The proposed method is better suited for discrete tasks. For instance, speech perception experiments as those presented here, in which the patient listens to a word and a prediction of the acoustic envelope of the audio attended is made, is an excellent example of such a discrete task. The proposed method could be used for continuous prediction as long as the causality of the filters hj(t) is ensured. Although engineering methods for ensuring causality exists, particular implementations of these techniques are beyond the scope of this study. However, in cases where patients are exposed to long continuous stimuli, methods based on linear switching dynamics or modeling of sequential states like hidden Markov models (HMM), conditional random fields (CRF) and recurrent neural networks, are better options given that the non-stationarity can be modeled with the different states that make part of such models.
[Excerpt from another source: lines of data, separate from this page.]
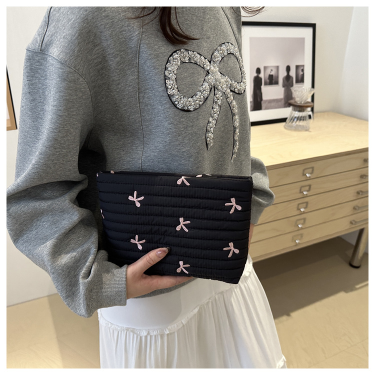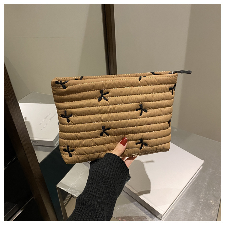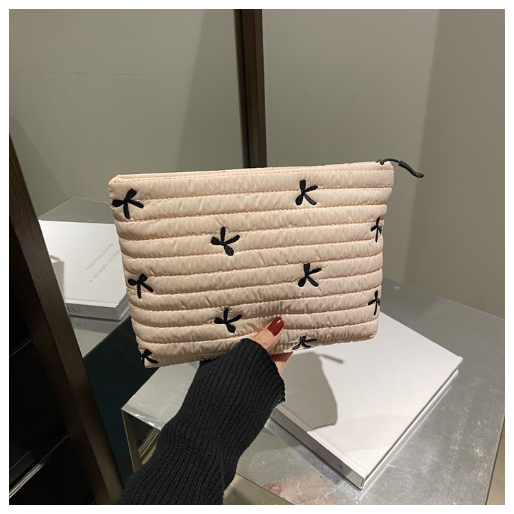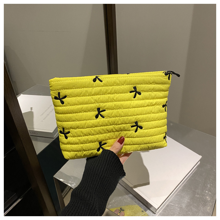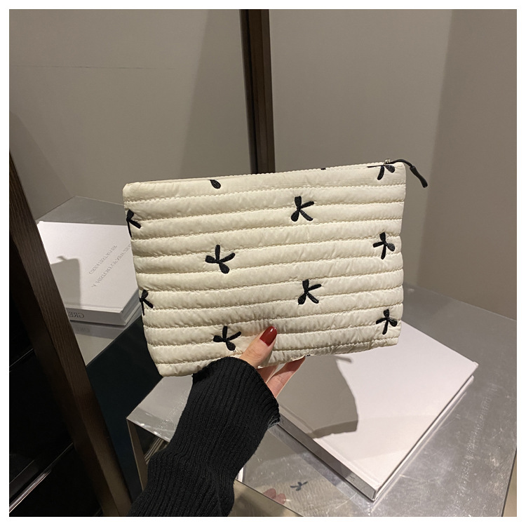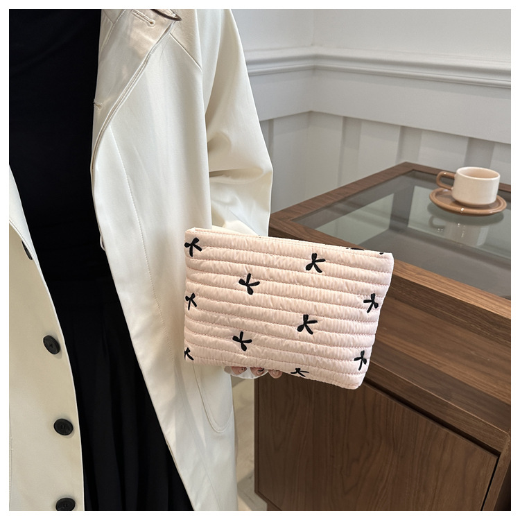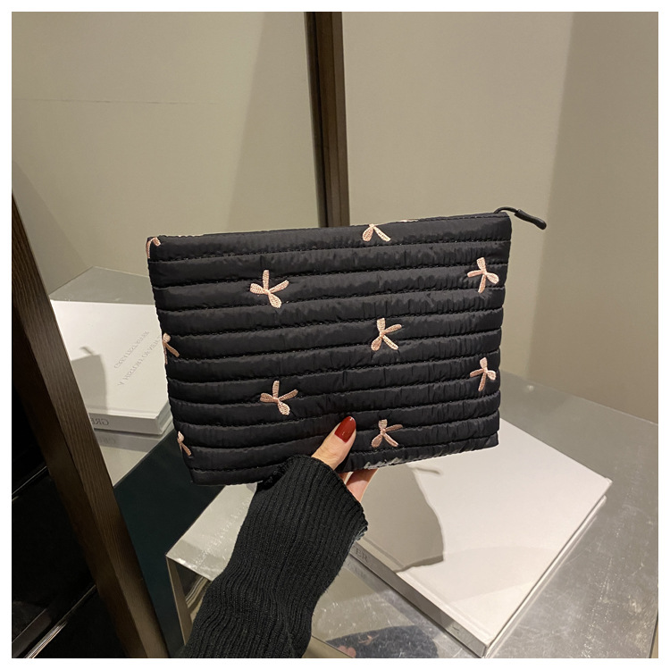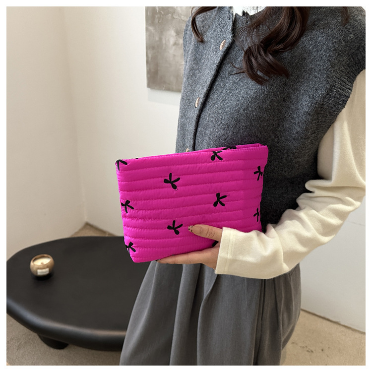 2024 invierno nuevo estilo ins moda portátil pana impresión de mariposa gran capacidad maquillaje embrague portátil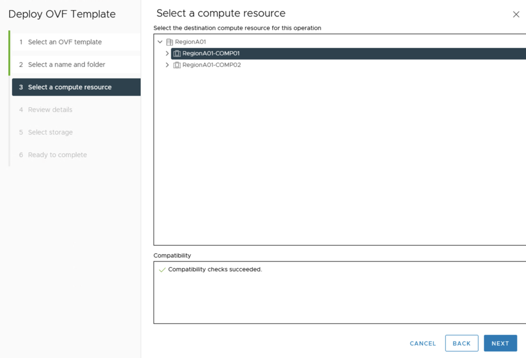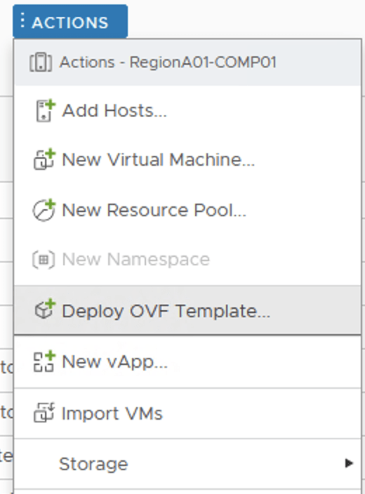Next we will go to our vCenter to get it deployed. Go to one of the hosts or clusters, then go to actions -> Deploy OVF Template… example: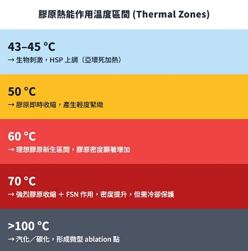 在 60–70 °C(秒級作用) 的瞬間加熱,還會形成「凝固帶(coagulation zone)」。這個區間被視為能量治療的黃金關鍵,因為它結合了即刻收縮與長期重塑的雙重效果。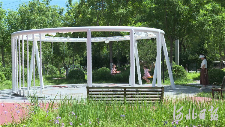 不仅老年人喜欢“口袋公园”,这里还成为孩子们的乐园。在位于固安县京九西路与惠文东街交叉口西北角的于成龙游园,秋千、步道、绿植成了孩子们的游乐场,他们三五成群,玩得不亦乐乎。

Although we selected a linear model for spatial filtering, non-linear methods are possible. We selected a linear approach aiming to obtain interpretable results as shown in Figs. 35. Finally, as explained before, when the signals that need to be modeled are highly non-stationary, physical or physiological interpretation of the spectral shape of the coherence-based filters should be made with caution as in such cases the Fourier representations of the signals, although numerically correct, may have no meaningful interpretation. Nonetheless, the results are still useful for decoding, as shown in the results of this work, in particular for speech-related tasks.

Conclusion

We present a method capable of predicting from features extracted from brain signals, characteristic features of a stimulus. The proposed method employs complex coherence to extract common patterns among the brain features related to the dynamics of the presented stimulus. This includes spatial information forming a spectro-spatial filter that is capable of reconstructing the dynamics of the stimulus with high performance (in terms of the correlation coefficient). Analysis of the coefficients that form the learned spatial patterns showed discriminability among different conditions, indicating the involvements of different areas and frequency components during the execution of various cognitive tasks such as finger movement as well as speech perception and production. The anatomical discriminability revealed by the method can be exploited in the design of neuro-prosthesis as well as for investigating the normal brain function.

In order to allow reproducibility of the results, an implementation of the proposed coherence-based method has been made available in89.